31
An early April thunderstorm ripped through the Boston suburbs south of Logan Airport and kept the plane on the tarmac for close to three hours on Sunday evening. It gave me even more time to reflect on Joan's remark, as I had done throughout the lazy weekend we spent together after leaving the beach. Police, prosecutors, pathol-ogists, and serologists-all of us whose professional lives were absorbed with understanding the secrets of the dead-seemed to be surrounded with more than our share of violent happenings.
Instead of reaching LaGuardia in time for the dinner I had planned to enjoy with a couple of my law school friends, I watched Joan race off to catch the last shuttle to Washington and waited on line at the taxi stand to get a cab back into the city.
"Welcome home, Ms. Cooper," Benito said, stepping out to the curb to open the car door for me. "I have your mail and some dry cleaning in back."
I followed the doorman inside, waiting while he went into the storage area to get the bundle of magazines and plastic-wrapped dresses that had been delivered over the weekend.
It was ten thirty by the time I sorted through the bills, a postcard from Nina Baum, and the flood of invitations to charity luncheons that heralded the spring season. I started a tub running with steaming-hot water and sprinkled some bath salts in it, watching them foam up as the tub began to fill.
I was standing at the bar, pouring myself a shot of my new single-malt scotch and smiling at the remembrance of Mike's gesture, when the apartment suddenly went black.
Feeling my way back to the bathroom, I turned off the faucet and then slowly guided myself around familiar pieces of furniture, into the kitchen to find a flashlight and the fuse box.
I yanked at the heavy metal door of the box, standing on tiptoe to see what had blown so that I could flip it back on. All of the switches were aligned, and I played with a few of them to see whether anything made a difference, but no lights came on around me.

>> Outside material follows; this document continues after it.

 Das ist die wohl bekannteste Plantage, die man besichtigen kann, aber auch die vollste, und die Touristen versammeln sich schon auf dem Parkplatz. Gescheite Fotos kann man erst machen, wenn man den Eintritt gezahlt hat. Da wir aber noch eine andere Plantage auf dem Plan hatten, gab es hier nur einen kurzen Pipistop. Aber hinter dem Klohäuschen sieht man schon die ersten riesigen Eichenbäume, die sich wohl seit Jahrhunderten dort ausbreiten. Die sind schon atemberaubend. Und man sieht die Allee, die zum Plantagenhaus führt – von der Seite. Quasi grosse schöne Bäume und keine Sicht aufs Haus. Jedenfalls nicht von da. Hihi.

With the same baby steps that got me from room to room, I went to the foyer of the large apartment and pressed against the peephole in the front door. I was reassured to see that the overhead hall fixtures were still working, which meant that the entire building didn't have the problem that I did.
I grabbed my pocketbook and dug out my cell phone, taking it into the living room, where the great expanse of windows caught whatever light reflected from the street lamps many floors below. I dialed the concierge desk to ask whether the two doormen could find the superintendent or a handyman, but the number was busy.
On the fourth try, I connected with Benito. "No problem, Ms. Cooper. Don't worry about anything."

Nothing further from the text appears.